On the fourth round, we finally got a positive test. I called her, so full of joy, and she seemed happy—briefly. When I sent her the ultrasound, she said, “I’ll look at it after I finish watching the Republican National Convention.” Three days later, she texted one word: “Neat.”
Not long after, I miscarried at nine weeks. I begged her to come sit with me, but she stayed at her new boyfriend’s. Yes—the one she started seeing while my stepfather was in hospice. Three weeks went by before she sent another text: “U ok?” That was the end for me. I told her I didn’t want a relationship anymore.
Her response was vicious, but it didn’t hurt this time. She’d gone from being an opinionated, creative feminist—even if flawed—to a paranoid, bitter woman steeped in hate. I know now she’s angry and isolated, but I’m at peace with my decision to walk away.
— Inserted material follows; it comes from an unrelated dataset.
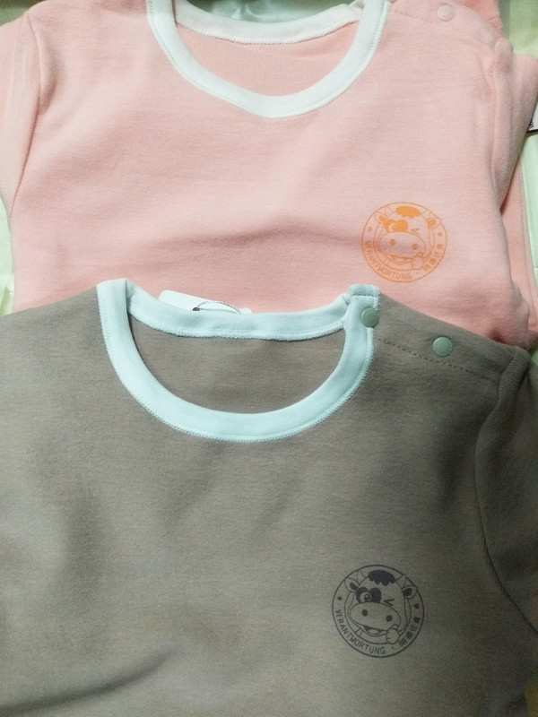 很厚实的上衣,纯棉的,走线很工整,两个孩子穿着很可爱

My sister still keeps me updated, though. Mom sits around with old‑man boyfriends, glued to YouTube and Fox News, her house cluttered with Trump memorabilia. She even has a MAGA hat perched on a lamp. She sends hateful memes about Kamala Harris and insulting messages to my sister, who still engages with her for reasons I can’t fathom.
At eighty‑four, my mother is lost to it completely. As your documentary pointed out, it’s been a slow burn over decades. I can’t unsubscribe her from her own delusion, though sometimes I cheekily sign her up for progressive mailers. But she’s surrounded by hate, talk radio, and an utter lack of diversity.
She has no interest in independence anymore. She chooses her cell of hate, and that, more than anything, is what truly breaks my heart.